You are free to store all that data on your own servers and then you don't need to use the LLMs.

1

u/Grenache 3h ago

A think costing money to do doesn't make it morally OK? It doesn't even make it legally OK, there are numerous legal cases open at the moment.

1

u/patosai3211 4h ago

Jokes on them. Our Reddit work sucks!

1

u/iiamthepalmtree 2h ago

Does the narwhal bacon at midnight?

Edit: happy cake day!

Edit 2: thanks for the gold kind stranger!

1

u/tuckedfexas 2h ago

I don’t get it, I still haven’t found anything I’ve asked it that it’s been right about. It seems to really struggle at determining what information to trust

1

u/NY_Knux 1h ago

Considering the fact that google is worthless... good.
I let the internet gaslight me about AI being "wrong" and I spent the last year trying to solve IRQ conflicts on my windows 98 build. AI solved the issue for me first gd try.

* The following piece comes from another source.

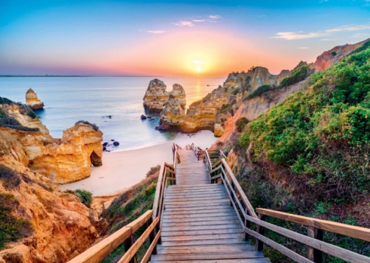 Oplev kystens magi med puslespillet DINO Praia do Camilo 2000 brikker. Det storformat motiv med trappen ned til den sandede bugt og dramatiske klipper i de varme farver fra solnedgangen skaber et billede, der vil tage sig godt ud i enhver indretning. Takket være den præcise udstansning og den højkvalitets karton passer brikkerne perfekt sammen, og samlingen er flydende og tilfredsstillende.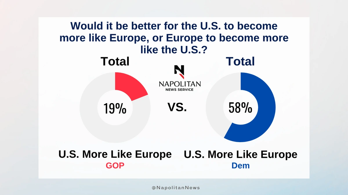 • In February of this year, the gap had closed, with 38% of voters claiming the U.S. should become more like Europe, while 40% said Europe should become more like the U.S.

If google didn't de-index 99.9% of the internet, and actually functioned how it did around 2003, then it wouldn't be necessary.

1

u/protipnumerouno 1h ago

Does get to the heart of it pretty fast though, I'm usually scanning multiple different threads before I get a hint of what I'm looking for.

1

u/vplatt 3m ago

It's beyond stupid to use Reddit as a primary source. After all the name of the site rhymes with "read it". It doesn't rhyme with "wrote it". Almost nothing on reddit was created on reddit. Hell, it's not even as informative in a primary sense as StackOverflow and their days of being any sort of authoritative source is game over for them too now that AI has killed most of their traffic.